Минуты две мы молча стучали ботинками.
- Есть такой рассказ о композиторе Гуно, - сказал Саша. - Гуно говорил
о себе: в двадцать лет я говорил: "Гуно!", в тридцать говорил: "Гуно и
Моцарт!", в сорок - "Моцарт и Гуно!", и в пятьдесят лет я говорю:
"Моцарт..." Вот и я говорю: Моцарт. Не надо быть Гуно, это не обязательно,
надо просто сказать себе один раз тихо: "Моцарт" - и пусть все идет как
идет.
Он ушел от нас на площади перед театром, сказав на прощанье, чтоб мы не
барахтались.
Атанияз - очень молчаливый человек, и мы два квартала прошагали молча.

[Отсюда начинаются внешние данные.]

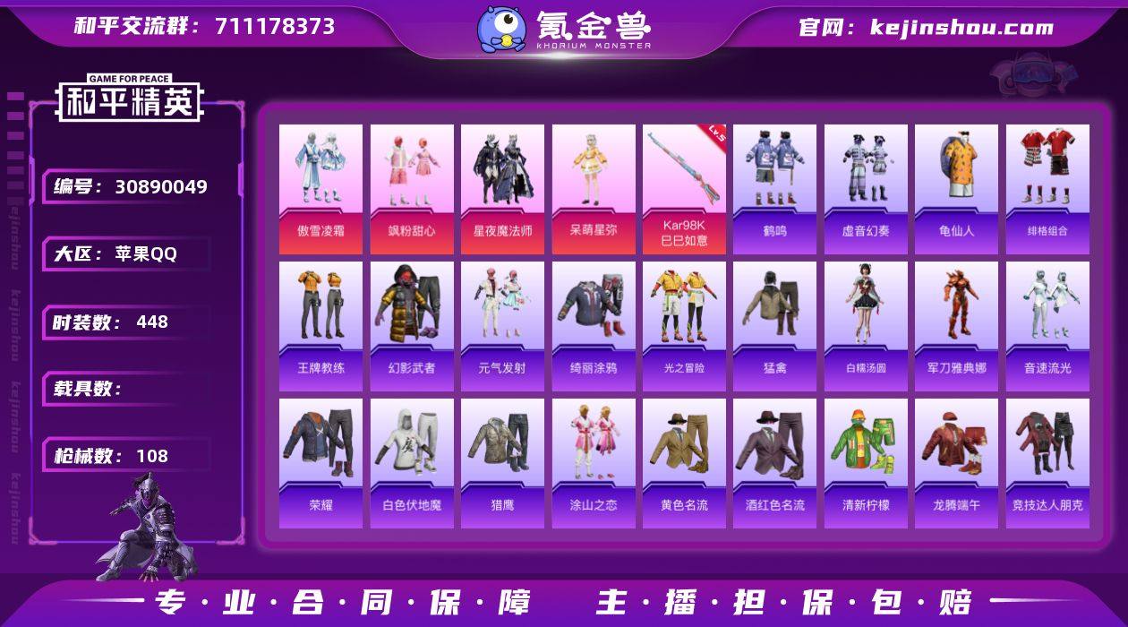 热力值:33512 时装数:448 枪械数:108 战备数:111 游戏等级:64 卓越印记:0 传奇印记:0 绝世印记:0 傲雪凌霜,呆萌星弥,飒粉甜心,星夜魔法师 五级Kar98K-巳巳如意 暖熊萌萌飞行器,碧影闪光降落伞,彩虹独角兽降落伞,环太平洋降落伞,绒雪飘舞降落伞,未来歌姬降落伞 冰川特警,白糯汤圆,白色伏地魔,岑岑玉浪,长空猛禽,都市魅力,飞驰魅影,绯格组合,飞行日记,格斗先锋,龟仙人,光之冒险,华灯初上,鹤鸣,湖蓝色名流,黑色伏地魔,黄色伏地魔,黄色名流,黄色运动,红色运动,幻世战舞者,和煦暖阳,幻影武者,极地朋克,军刀雅典娜,酒红色名流,惊鸿侠骨,橘黑制服,娇憨猪猪,竞技达人朋克,竞技名士,坚韧舞者,极速红龙,极速竞梦,锦衣飞扬,酷潮明星,龙的传人,猎鹰,黎明保卫者,猎梦纪元,蓝色运动,龙腾端午,冷焰舞者,猛禽,萌黄之夏,魅力单车,麻辣教官,懵萌河马,萌趣咩咩,霓虹极客,柠萌假日,牛气冲天,牛气满满,暖心橘喵,破蛋小黄鸡,破晓战魂,轻风白浪,绮丽涂鸦,青年教官,青涩年华,清新柠檬,青玉碎影,荣耀,人气偶像,热血青春,水晶王族,深蓝色名流,沙漠毒蛇,神气柴柴,SS18特训,SS19特训,SS20特训,SS21特训,SS22特训,SS23特训,SS24特训,SS25特训,SS26特训,SS31特训套装,SS32特训套装,SS33特训套装,探宝勇士,甜蜜菠萝,甜蜜熊情侣,特殊使命,涂山之恋,特训学院,甜心亚梦,田园牧歌,特战英豪,完美偶像,王牌教练,炫蓝之夏,夏日音浪,虚音幻奏,异彩先驱,耀粉歌者,荧惑魅影,雨林探路者,元气发射,音速流光,玉兔迎春,野性战心,战地督导,智慧隐士,灼焰舞者 AA12-G-绒兔团圆,AC-VAL-彩虹甜喵,AC-VAL-天降萌叽,AC-VAL-甜心亚梦,AKM-龙的传人,AKM-奇异狩猎者,AKM-筑梦精灵,AKM-灼热熔岩,AMR-妙红点点,AUG-青春冒险家,AUG-耀粉歌者,AWM-炙焰牛王,爆炸猎弓-惊鸿侠骨,DBS-甜心亚梦,DP-28-彩虹符号,DP-28-甜心亚梦,G36C-暗夜玫瑰,G36C-懵萌河马,G36C-炙焰牛王,GROZA-懵萌河马,GROZA-田园牧歌,GROZA-异彩先驱,GROZA-影袭,Kar98K-飞驰魅影,Kar98K-炫彩节奏,M16A4-幻世战舞者,M16A4-蓝色火焰,M16A4-甜心亚梦,M200-惊鸿侠骨,M200-乌木金纹,M249-彩虹符号,M249-糯团青竹,M249-破晓战魂,M24-炫彩节奏,M416-暗星紫秘,M416-绯红前夜,M416-糯团青竹,M417-惊鸿侠骨,M762-绒雪飘舞,M762-天降萌叽,MG3-幻世战舞者,MG3-惊鸿侠骨,MG3-瑞龙福将,蜜獾-天降萌叽,蜜獾-娇憨猪猪,Mini14-耀粉歌者,Mini14-涂山之恋,Mini14-异彩先驱,Mk14-暗星紫秘,MK20-H-墨染幽兰,MP5K-异彩先驱,莫辛纳甘-懵萌河马,P90-飞驰魅影,P90-巳巳如意,平底锅-飞驰魅影,平底锅-惊鸿侠骨,平底锅-娇憨猪猪,平底锅-懵萌河马,平底锅-甜心亚梦,平底锅-田园牧歌,平底锅-异彩先驱,PKM-懵萌河马,QBU-飒粉甜心,QBZ-彩虹符号,QBZ-飞驰魅影,撬棍-环太平洋,S12K-幻世战舞者,S12K-娇憨猪猪,S12K-破晓战魂,S12K-玩趣呆呆,S1897-飞驰魅影,S1897-炫彩节奏,S1897-星夜魔法师,S686-橘柚倾心,SCAR-L-黄金龙骨,SCAR-L-红色方程式,SCAR-L-炫彩节奏,SCAR-L-

Потом он вдруг заговорил. Он взял мою рукопись и сказал, что попробует
протолкнуть рассказ на радио. Если не удастся на радио, он может перевести
его на туркменский и отдать в туркменский журнал. Надо писать много
рассказов, чтоб был выбор. Надо барахтаться изо всех сил. Работать, как
прачка, у которой семь человек детей. Тогда будет интересно жить, будет
хорошо на душе, и не надо валять дурака перед друзьями. Так сказал своим
замогильным голосом Атанияз - восточный человек с неулыбающимися глазами,
которого я полюбил в этом городе.
Он покинул меня на перекрестке возле гостиницы, где я жил прежде.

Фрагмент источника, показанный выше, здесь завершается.